In Hatcher's book, Vector bundles and K-theory. He states the following version of Leray-Hirsch's theorem:
Let $p:E \longrightarrow B$ be a fiber bundle with $E$ and $B$ compact Hausdorff and with fiber $F$ such that $K^\ast(F)$ is free. Suppose there exists class $c_1, \cdots, c_n \in K^\ast(E)$ that restrict to a basis of $K^\ast (F)$ in each fiber $F$. If either (a) $B$ is a finite cell complex or (b)$F$ is a finite cell complex having all cells of even dimension, then $K^\ast(E)$, as a module over $K^\ast (B)$, is free with basis {$c_1,\cdots,c_n$}.

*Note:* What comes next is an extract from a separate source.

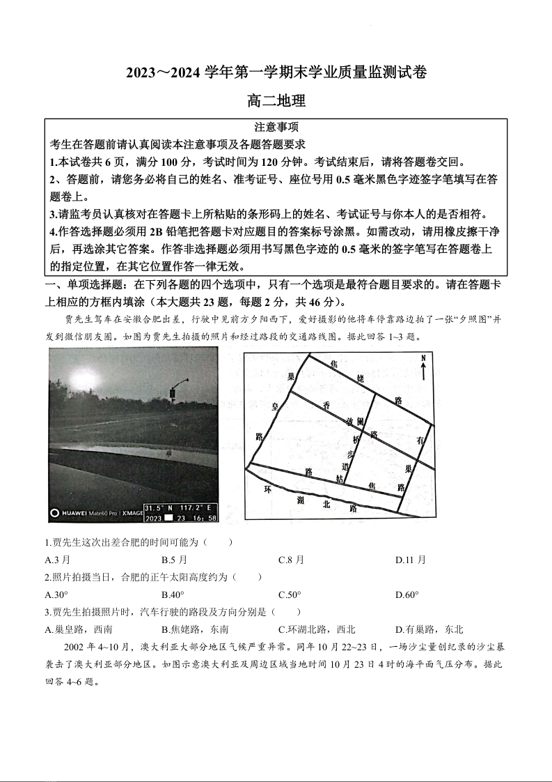 江苏省南通市海安市2023~2024学年第一学期末学业质量监测地理+答案

Can we drop those finiteness for $B$ and $F$ assumptions?
In Spanier's book, Algebraic topology, a similar theorem is stated for singular homology and cohomology without the finiteness assumption. From my understanding, Spanier first prove the theorem for homology under some finiteness assumption so he can do induction by long exact sequences like what Hatcher did. Then he dropped the finiteness assumption by the fact that homology is compatible with colimits and he concluded the result for cohomology by using the universal coefficient theorem ($H^\ast(Y,G)\otimes M^\ast \cong H^\ast(Hom(\Delta(Y)) \otimes M, G)$) and the homology case.
The problem is, from what I heard, $K$-theory is a cohomology theory so I'm not sure if it's compatible with limits. (I know singular cohomology isn't.) And I don't know if it has a universal coefficient theorem like theorem relates it with some compactly supported theorem.
So please tell me if you know the answer or some reference. Thank you.